▽

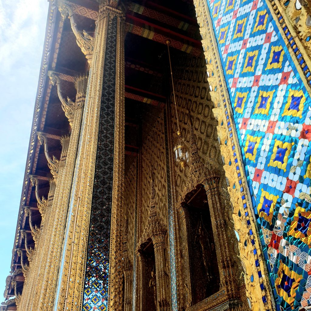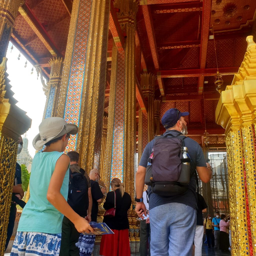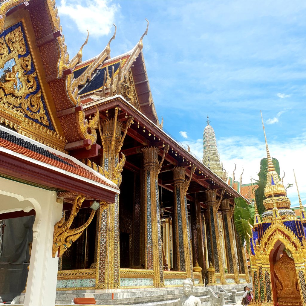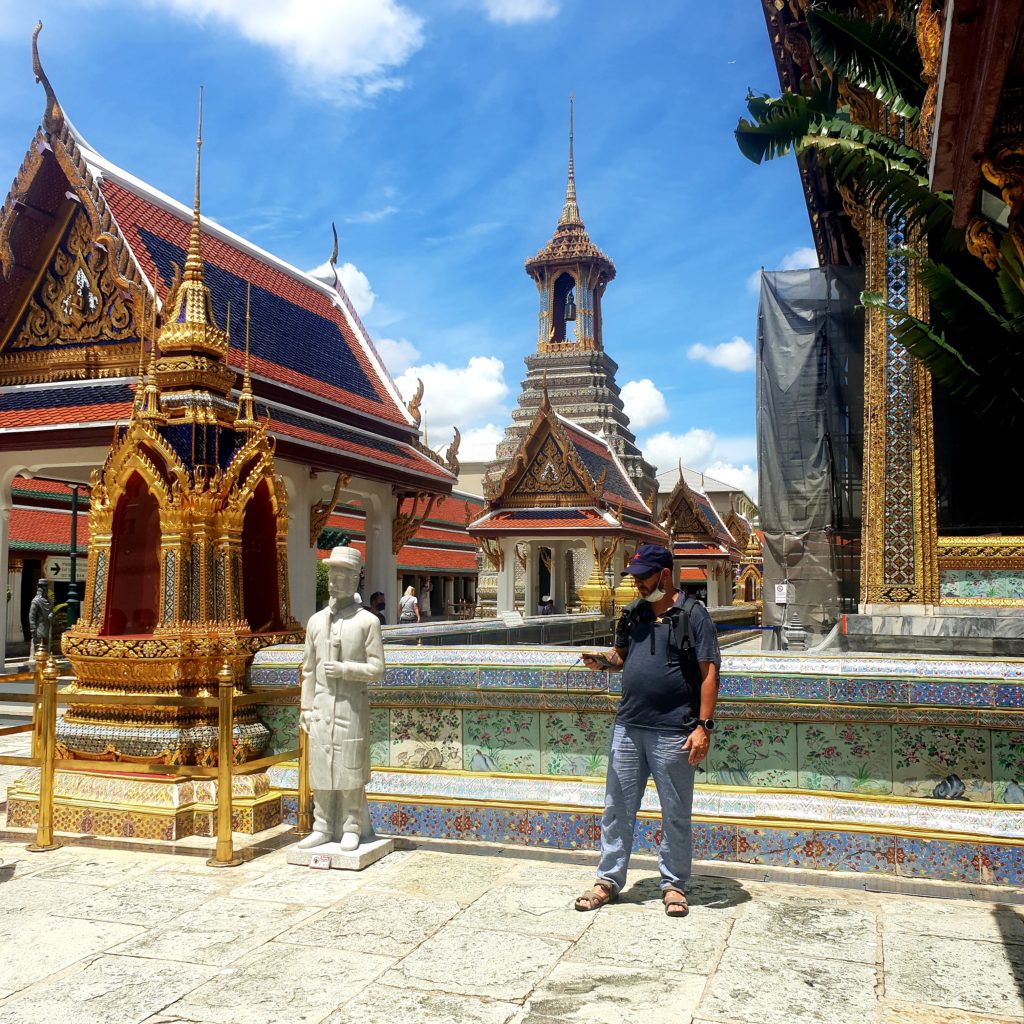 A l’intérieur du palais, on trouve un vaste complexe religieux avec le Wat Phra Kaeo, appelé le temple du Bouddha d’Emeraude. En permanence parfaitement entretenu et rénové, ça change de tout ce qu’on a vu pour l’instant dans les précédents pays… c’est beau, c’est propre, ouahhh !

△
▽

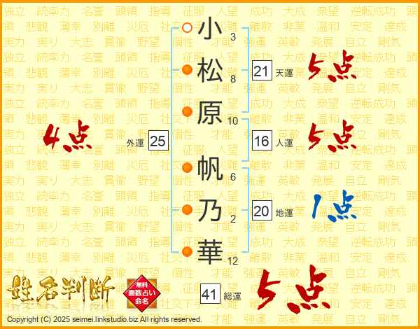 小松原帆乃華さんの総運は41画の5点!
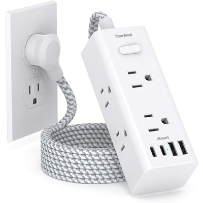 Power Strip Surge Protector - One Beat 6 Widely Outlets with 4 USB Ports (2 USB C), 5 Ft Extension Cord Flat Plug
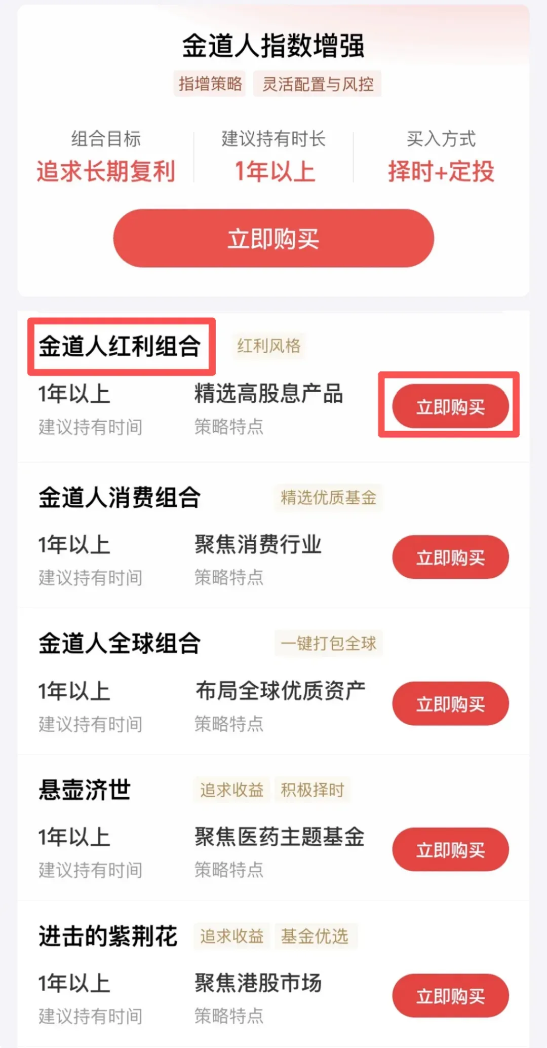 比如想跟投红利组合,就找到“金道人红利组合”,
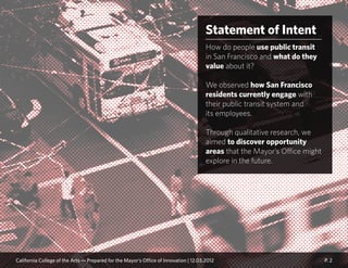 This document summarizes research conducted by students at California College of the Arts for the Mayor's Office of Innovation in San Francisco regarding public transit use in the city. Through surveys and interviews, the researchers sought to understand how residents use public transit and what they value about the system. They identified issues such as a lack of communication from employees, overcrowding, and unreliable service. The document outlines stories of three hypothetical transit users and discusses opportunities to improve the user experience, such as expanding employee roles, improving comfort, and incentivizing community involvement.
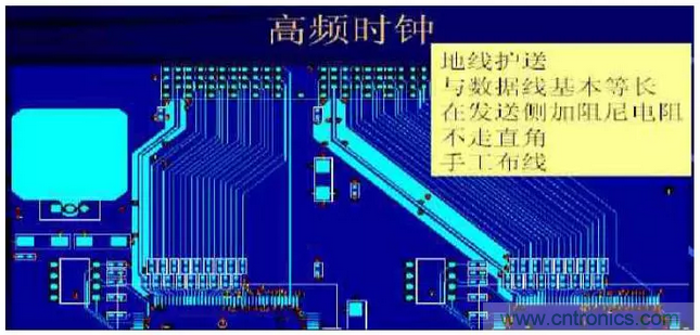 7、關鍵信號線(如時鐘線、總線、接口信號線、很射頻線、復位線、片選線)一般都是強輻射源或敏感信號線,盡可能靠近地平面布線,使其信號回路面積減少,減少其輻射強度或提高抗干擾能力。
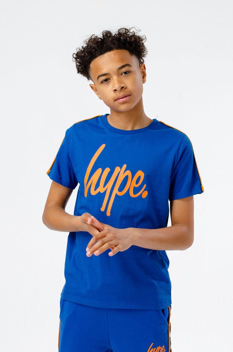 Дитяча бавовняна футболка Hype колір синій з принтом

△

THE PROBLEM. Going by the data above, the answer is exactly the lines from the one holding "Power Strip Surge" to the one holding "Дитяча бавовняна футболка", both kept, with the pictures left out.

RESULT FOR THIS TASK.
 Power Strip Surge Protector - One Beat 6 Widely Outlets with 4 USB Ports (2 USB C), 5 Ft Extension Cord Flat Plug
 比如想跟投红利组合,就找到“金道人红利组合”,
 This document summarizes research conducted by students at California College of the Arts for the Mayor's Office of Innovation in San Francisco regarding public transit use in the city. Through surveys and interviews, the researchers sought to understand how residents use public transit and what they value about the system. They identified issues such as a lack of communication from employees, overcrowding, and unreliable service. The document outlines stories of three hypothetical transit users and discusses opportunities to improve the user experience, such as expanding employee roles, improving comfort, and incentivizing community involvement.
 7、關鍵信號線(如時鐘線、總線、接口信號線、很射頻線、復位線、片選線)一般都是強輻射源或敏感信號線,盡可能靠近地平面布線,使其信號回路面積減少,減少其輻射強度或提高抗干擾能力。
 Дитяча бавовняна футболка Hype колір синій з принтом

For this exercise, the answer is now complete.